Exercise >> Give the records again. Keep them exact and leave out the images.

Excerpts from a dataset:
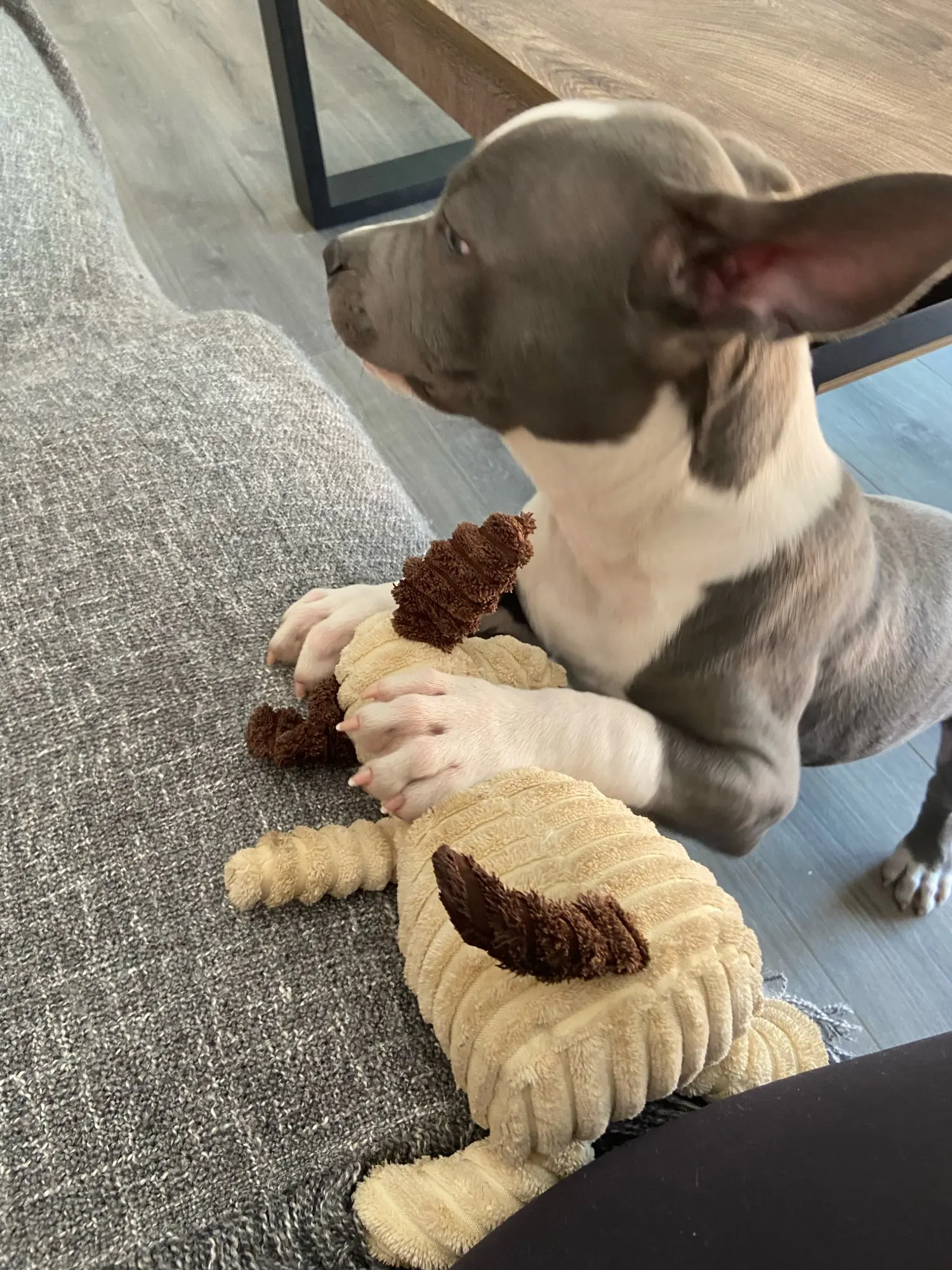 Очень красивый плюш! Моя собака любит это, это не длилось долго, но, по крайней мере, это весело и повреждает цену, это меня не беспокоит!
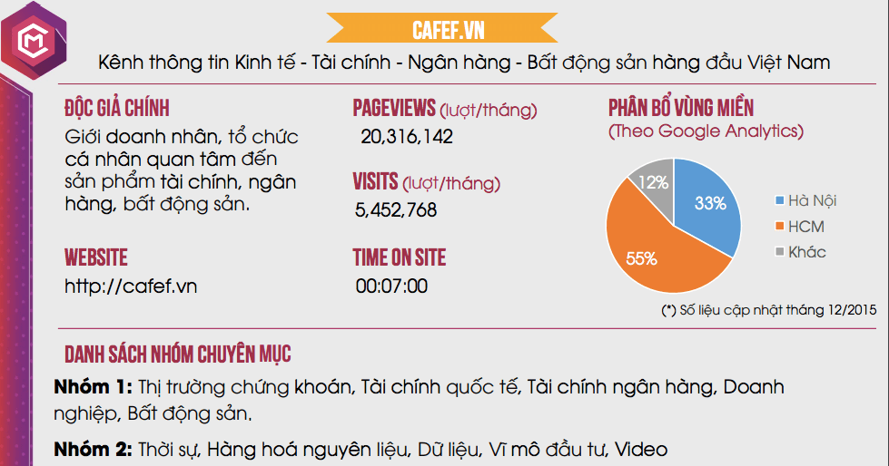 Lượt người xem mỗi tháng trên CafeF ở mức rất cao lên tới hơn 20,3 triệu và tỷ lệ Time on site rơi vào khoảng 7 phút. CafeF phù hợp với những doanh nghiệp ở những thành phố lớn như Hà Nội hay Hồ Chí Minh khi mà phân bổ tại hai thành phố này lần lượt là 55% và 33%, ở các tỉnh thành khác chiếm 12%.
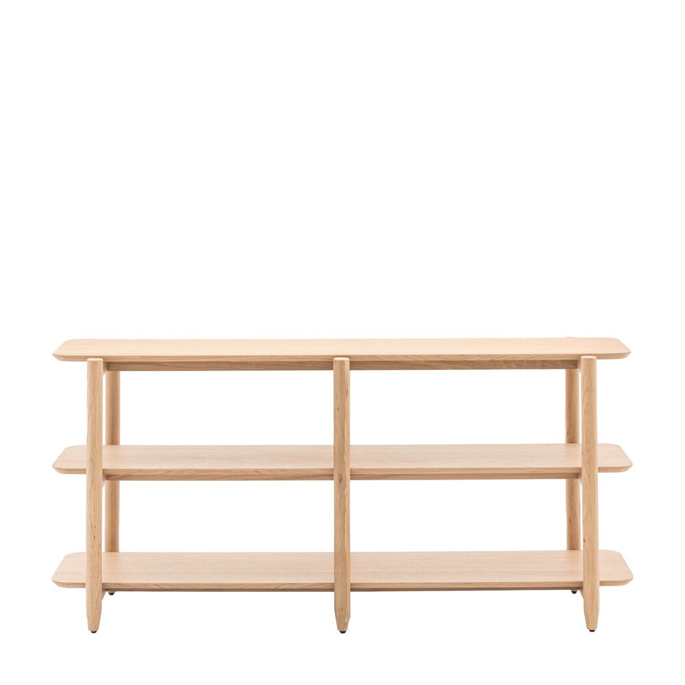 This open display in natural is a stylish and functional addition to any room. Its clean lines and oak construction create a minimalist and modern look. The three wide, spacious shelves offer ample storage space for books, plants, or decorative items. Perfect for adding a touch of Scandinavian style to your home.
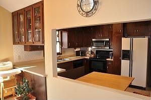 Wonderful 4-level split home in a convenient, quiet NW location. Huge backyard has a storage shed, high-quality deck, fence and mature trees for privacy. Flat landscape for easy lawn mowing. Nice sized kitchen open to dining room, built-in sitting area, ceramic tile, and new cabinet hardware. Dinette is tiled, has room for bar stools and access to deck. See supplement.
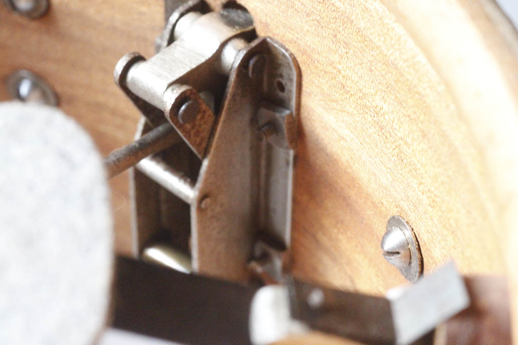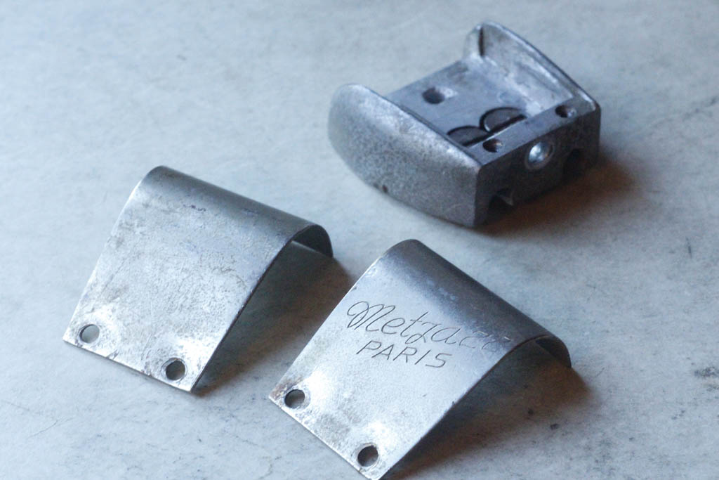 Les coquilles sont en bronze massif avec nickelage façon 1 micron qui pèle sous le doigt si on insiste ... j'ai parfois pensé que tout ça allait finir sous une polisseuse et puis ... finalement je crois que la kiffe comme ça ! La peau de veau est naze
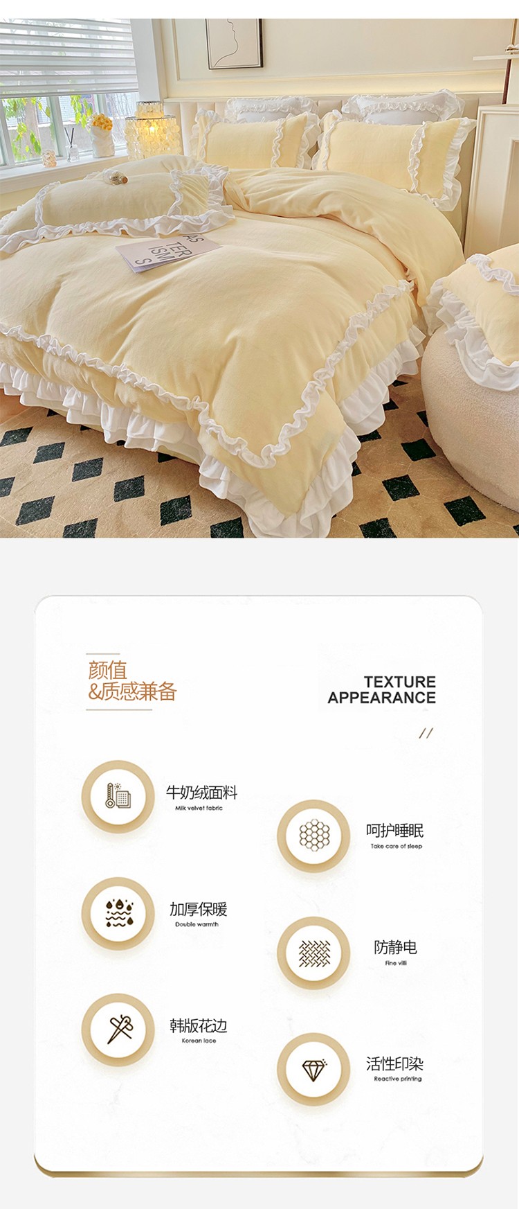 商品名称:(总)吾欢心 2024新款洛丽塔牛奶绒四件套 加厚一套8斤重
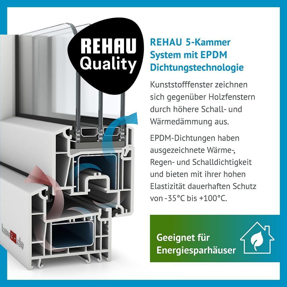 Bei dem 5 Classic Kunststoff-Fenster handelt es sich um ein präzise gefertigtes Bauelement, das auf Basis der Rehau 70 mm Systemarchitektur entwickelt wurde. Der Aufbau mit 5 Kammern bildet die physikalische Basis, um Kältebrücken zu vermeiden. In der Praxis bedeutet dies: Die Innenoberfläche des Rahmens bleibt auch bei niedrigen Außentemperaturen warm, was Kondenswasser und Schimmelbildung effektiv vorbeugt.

Worked solution >>
 Очень красивый плюш! Моя собака любит это, это не длилось долго, но, по крайней мере, это весело и повреждает цену, это меня не беспокоит!
 Lượt người xem mỗi tháng trên CafeF ở mức rất cao lên tới hơn 20,3 triệu và tỷ lệ Time on site rơi vào khoảng 7 phút. CafeF phù hợp với những doanh nghiệp ở những thành phố lớn như Hà Nội hay Hồ Chí Minh khi mà phân bổ tại hai thành phố này lần lượt là 55% và 33%, ở các tỉnh thành khác chiếm 12%.
 This open display in natural is a stylish and functional addition to any room. Its clean lines and oak construction create a minimalist and modern look. The three wide, spacious shelves offer ample storage space for books, plants, or decorative items. Perfect for adding a touch of Scandinavian style to your home.
 Wonderful 4-level split home in a convenient, quiet NW location. Huge backyard has a storage shed, high-quality deck, fence and mature trees for privacy. Flat landscape for easy lawn mowing. Nice sized kitchen open to dining room, built-in sitting area, ceramic tile, and new cabinet hardware. Dinette is tiled, has room for bar stools and access to deck. See supplement.
 Les coquilles sont en bronze massif avec nickelage façon 1 micron qui pèle sous le doigt si on insiste ... j'ai parfois pensé que tout ça allait finir sous une polisseuse et puis ... finalement je crois que la kiffe comme ça ! La peau de veau est naze
 商品名称:(总)吾欢心 2024新款洛丽塔牛奶绒四件套 加厚一套8斤重
 Bei dem 5 Classic Kunststoff-Fenster handelt es sich um ein präzise gefertigtes Bauelement, das auf Basis der Rehau 70 mm Systemarchitektur entwickelt wurde. Der Aufbau mit 5 Kammern bildet die physikalische Basis, um Kältebrücken zu vermeiden. In der Praxis bedeutet dies: Die Innenoberfläche des Rahmens bleibt auch bei niedrigen Außentemperaturen warm, was Kondenswasser und Schimmelbildung effektiv vorbeugt.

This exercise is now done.